Probably, people knows this heuristics.

On the other hand, PostgreSQL always reads database files by BLCKSZ
(= usually, 8KB) when referenced block was not on the shared buffer,
however, it doesn't seem to me it can pull maximum performance of
modern storage system.

I'm not certain whether we had discussed this kind of ideas, or not.
So, I'd like to see the reason why we stick on the fixed length i/o size,
if similar ideas were rejected before.

An idea that I'd like to investigate is, PostgreSQL allocates a set of
continuous buffers to fit larger i/o size when block is referenced due to
sequential scan, then invokes consolidated i/o request on the buffer.
It probably make sense if we can expect upcoming block references
shall be on the neighbor blocks; that is typical sequential read workload.

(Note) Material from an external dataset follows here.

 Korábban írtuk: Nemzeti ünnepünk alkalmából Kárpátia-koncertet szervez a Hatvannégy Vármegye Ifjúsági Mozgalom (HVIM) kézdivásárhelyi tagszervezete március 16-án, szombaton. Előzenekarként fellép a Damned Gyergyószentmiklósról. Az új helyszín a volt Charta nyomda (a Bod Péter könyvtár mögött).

Of course, we shall need to solve some complicated stuff, like prevention
of fragmentation on shared buffers, or enhancement of internal APIs of
storage manager to accept larger i/o size.
Furthermore, it seems to me this idea has worth to investigate.

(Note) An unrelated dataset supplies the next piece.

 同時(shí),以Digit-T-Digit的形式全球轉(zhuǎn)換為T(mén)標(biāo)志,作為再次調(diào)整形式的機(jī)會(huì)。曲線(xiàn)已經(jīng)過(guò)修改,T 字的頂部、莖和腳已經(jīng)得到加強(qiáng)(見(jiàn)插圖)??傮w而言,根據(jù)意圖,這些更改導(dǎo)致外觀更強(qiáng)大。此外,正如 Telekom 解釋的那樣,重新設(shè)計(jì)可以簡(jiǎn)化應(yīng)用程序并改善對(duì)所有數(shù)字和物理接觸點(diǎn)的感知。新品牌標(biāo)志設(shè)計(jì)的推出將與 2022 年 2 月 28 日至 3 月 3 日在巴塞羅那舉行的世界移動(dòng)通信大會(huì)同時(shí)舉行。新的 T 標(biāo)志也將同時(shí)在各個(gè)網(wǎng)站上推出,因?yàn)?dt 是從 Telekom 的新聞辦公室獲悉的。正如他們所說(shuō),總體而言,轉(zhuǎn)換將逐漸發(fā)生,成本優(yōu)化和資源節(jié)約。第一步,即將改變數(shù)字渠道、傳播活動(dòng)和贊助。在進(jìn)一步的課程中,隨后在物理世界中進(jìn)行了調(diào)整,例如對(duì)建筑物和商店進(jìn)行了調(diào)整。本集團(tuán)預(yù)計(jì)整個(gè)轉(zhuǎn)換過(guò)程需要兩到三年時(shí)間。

Any comments please. Thanks,
--
KaiGai Kohei <kaigai@kaigai.gr.jp>

--
Sent via pgsql-hackers mailing list (pgsql-hackers@postgresql.org)
To make changes to your subscription:
http://www.postgresql.org/mailpref/pgsql-hackers

#2Merlin Moncure
mmoncure@gmail.com
In reply to: Kohei KaiGai (#1)
Re: Does larger i/o size make sense?

On Thu, Aug 22, 2013 at 2:53 PM, Kohei KaiGai <kaigai@kaigai.gr.jp> wrote:

Hello,

A few days before, I got a question as described in the subject line on
a discussion with my colleague.

In general, larger i/o size per system call gives us wider bandwidth on
sequential read, than multiple system calls with smaller i/o size.
Probably, people knows this heuristics.

On the other hand, PostgreSQL always reads database files by BLCKSZ
(= usually, 8KB) when referenced block was not on the shared buffer,
however, it doesn't seem to me it can pull maximum performance of
modern storage system.

I'm not certain whether we had discussed this kind of ideas, or not.
So, I'd like to see the reason why we stick on the fixed length i/o size,
if similar ideas were rejected before.

An idea that I'd like to investigate is, PostgreSQL allocates a set of
continuous buffers to fit larger i/o size when block is referenced due to
sequential scan, then invokes consolidated i/o request on the buffer.
It probably make sense if we can expect upcoming block references
shall be on the neighbor blocks; that is typical sequential read workload.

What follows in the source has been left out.